- [RECORDS FOR THE EXERCISE]:
^^^^

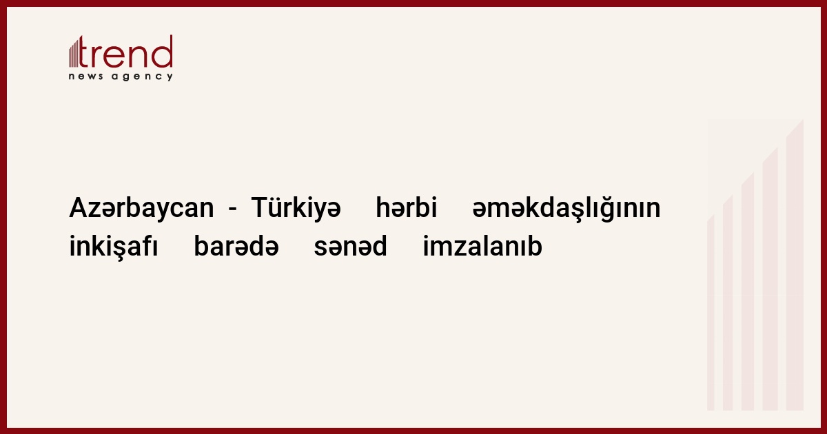 Azərbaycan,Bakı/müxbir Trend Z.İbrahimxəlilova/26 fevral tarixində Bakıda Azərbaycan-Türkiyə hərbi əməkdaşlığının inkişafı barədə sənəd imzalanıb. Bu barədə Azərbaycan Müdafiə Nazirliyinin mətbuat xidmətindən məlumat verilib.
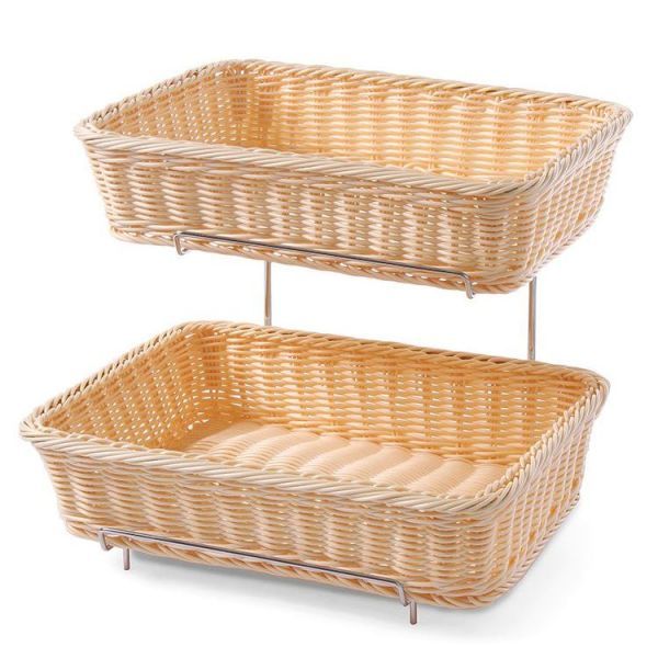 Кошик призначений для викладення хлібобулочних виробів. Плетена, має прямокутну форму. У комплекті два кошики та стелаж під них. Стелаж виконаний із нержавіючої сталі.
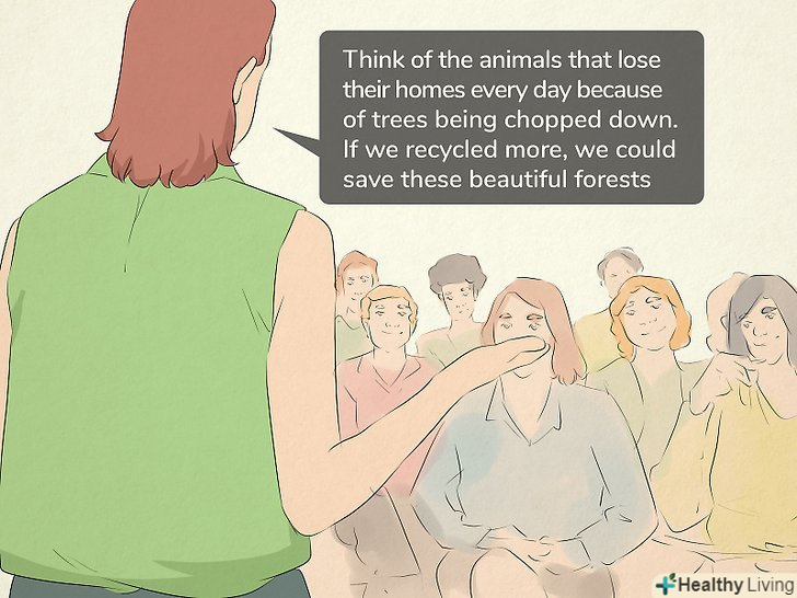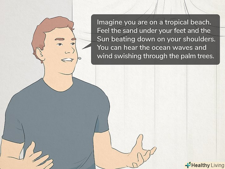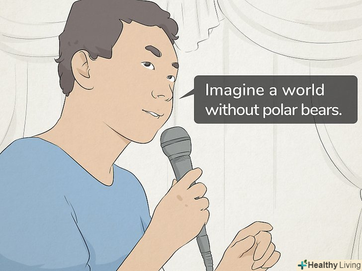 Попросіть глядачів щось уявити.Примусьте своїх глядачів пройти дуже короткий вправу з візуалізації, щоб надихнути їх фантазію, оскільки вона відноситься до вашої теми. Вони можуть не запам'ятати ваші слова настільки, наскільки запам'ятають картинки, що виникли в їх голові під час вашої мови. [8]- Наприклад, якщо ви виступаєте з промовою про замовлення путівки для ідеального відпочинку, то можете почати з: "уявіть, що ви на тропічному пляжі. Відчуйте пісок під ногами і сонце, що зігріває плечі. Ви чуєте хвилі океану і свист вітру крізь Пальми ".
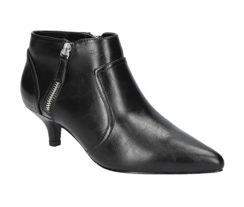 Enhance your wardrobe with the Annalee dress bootie by Easy Street. The pointed toe design offers ultimate sophistication. The feminine overlay is accentuated with an on-trend self-covered kitten heel. The double zipper gives a contemporary look to this timeless style. Padded heel-to-toe for all day comfort.
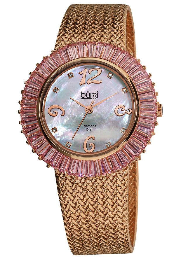 Rose gold-tone brass case with a rose gold-tone brass mesh bracelet. Fixed rose gold-tone pink baguette crysta bezel. Mother of pearl dial with rose-tone hands and diamond hour markers. Arabic numerals mark the 3, 6, 9 and 12 o'clock positions. Dial Type: Analog. Quartz movement. Scratch resistant mineral crystal. Pull / push crown. Snap down case back. Round case shape, case size: 36 mm, case thickness: 8.5 mm. Band width: 19 mm, band length: 7.5 inches. Sliding clasp. Water resistant at 10 meters / 33 feet. Functions: hour, minute, second. Additional Info: eight genuine diamond hour markers, cz stones. Faceted Crystal Bezel Series. Dress watch style. Burgi Faceted Crystal Bezel Mother of Pearl Dial Ladies Watch BUR076PK.
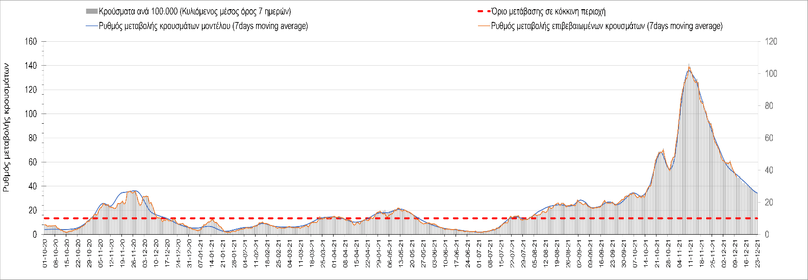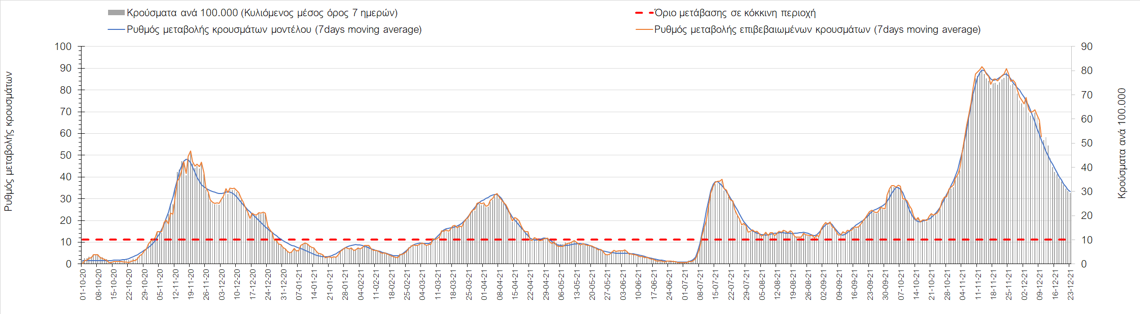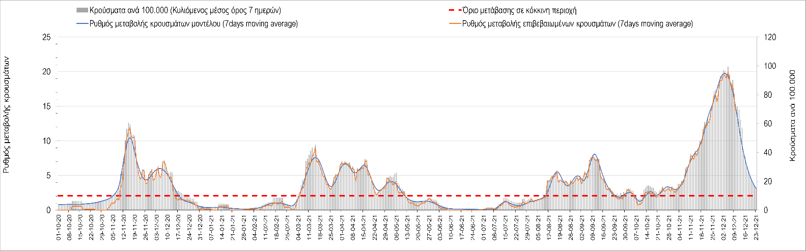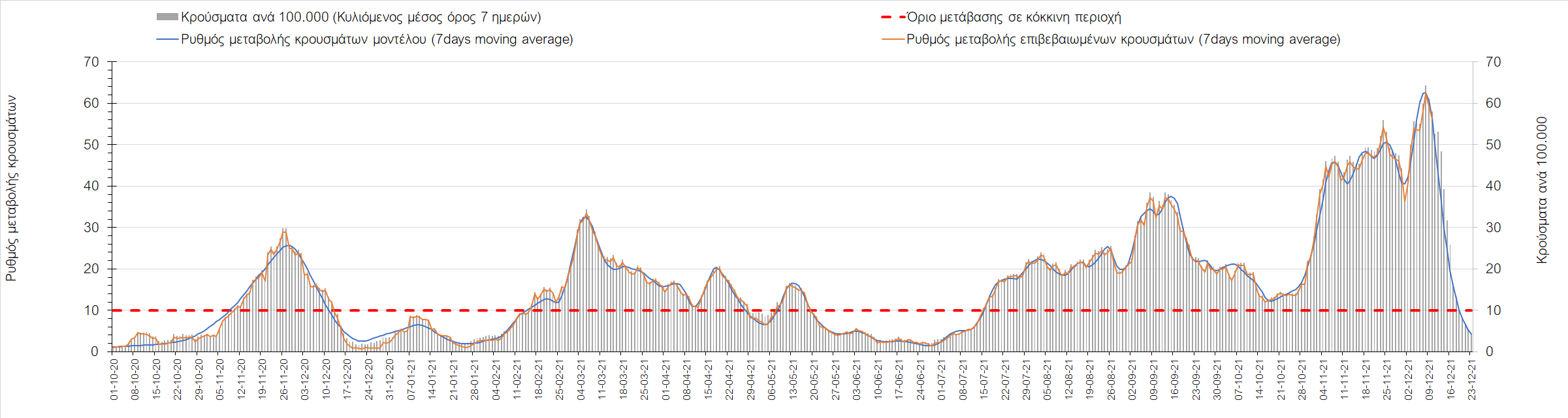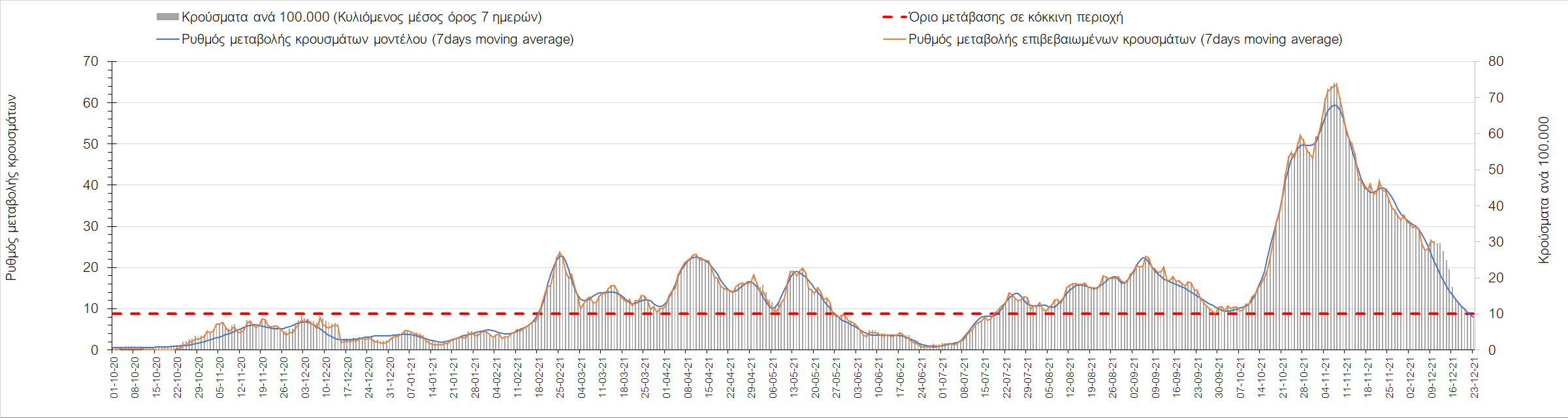 Η αποτύπωση των τάσεων στις επιμέρους περιοχές, παρουσιάζεται στο Σχήμα 61, όπου παρουσιάζεται ο ρυθμός μεταβολής των νέων κρουσμάτων ανά 100.000 κατοίκους (κυλιόμενος μέσος όρος 7 ημερών) των επιμέρους περιοχών. Θετικές τιμές του ρυθμού μεταβολής υποδηλώνουν άνοδο, ενώ αρνητικές τιμές υποδηλώνουν πτωτική πορεία. Το σχήμα αυτό είναι ιδιαίτερα κατατοπιστικό, γιατί οι τιμές που παρουσιάζονται είναι κανονικοποιημένες ως προς τον πληθυσμό, και η σύγκριση των τάσεων ανάμεσα στις επιμέρους περιοχές είναι άμεση.
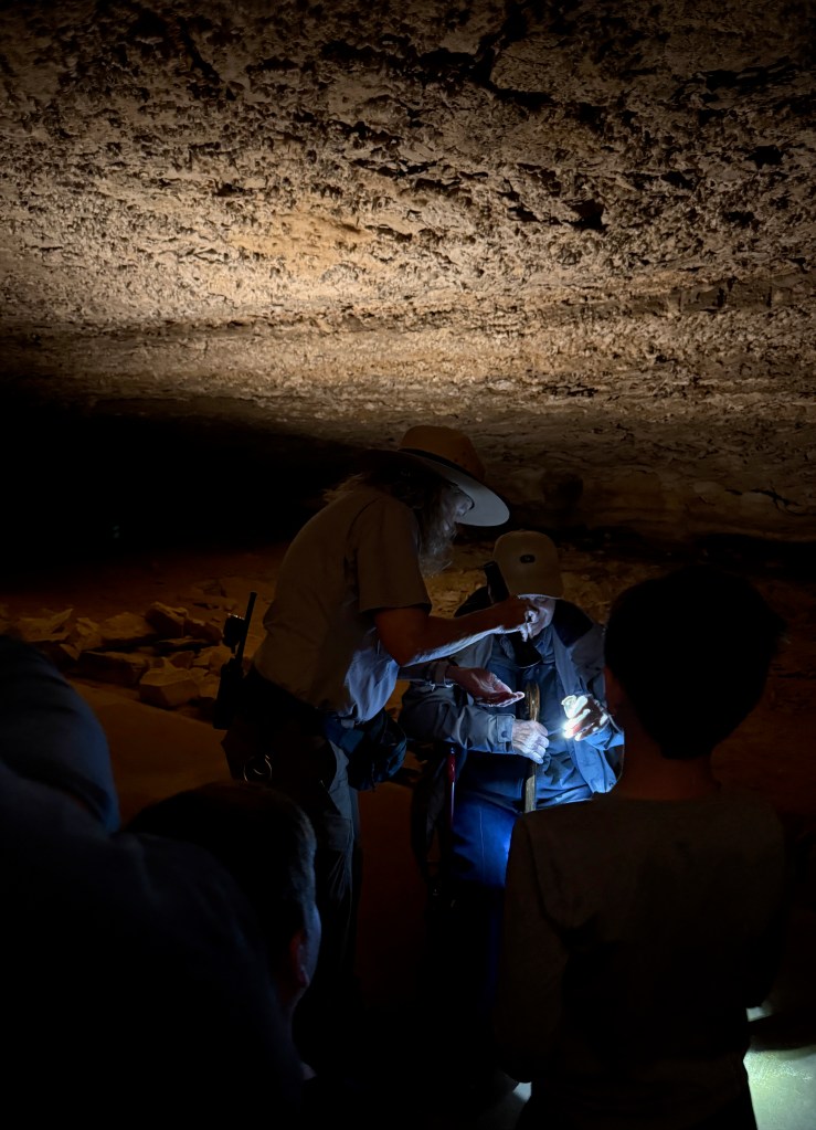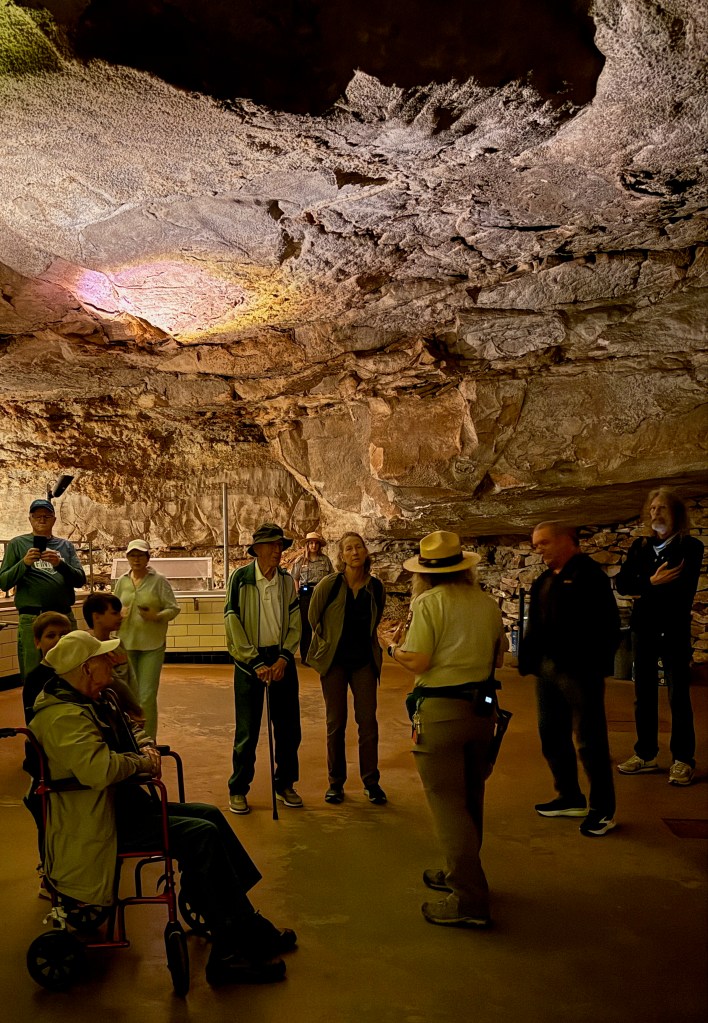 For my Granddad, the Accessible Tour was a perfect way to experience Mammoth Cave. The tour uses an elevator to descend to the Snowball Dining Room full of sparkling gypsum formations and interesting artifacts. Our Park Guide shared surprising cave history as the tour continued over a smooth, lit concrete path down Cleveland Avenue. As an added bonus, she was trained to use a deeper voice range that is easier for those who have experienced hearing loss.

^^^^

- [WHAT YOU NEED TO DO]: Print only the lines from the opening line of the listing to the line containing "Кошик призначений для", inclusive, exactly as they appear and without pictures.

- [EXPECTED ANSWER]:
 Azərbaycan,Bakı/müxbir Trend Z.İbrahimxəlilova/26 fevral tarixində Bakıda Azərbaycan-Türkiyə hərbi əməkdaşlığının inkişafı barədə sənəd imzalanıb. Bu barədə Azərbaycan Müdafiə Nazirliyinin mətbuat xidmətindən məlumat verilib.
 Кошик призначений для викладення хлібобулочних виробів. Плетена, має прямокутну форму. У комплекті два кошики та стелаж під них. Стелаж виконаний із нержавіючої сталі.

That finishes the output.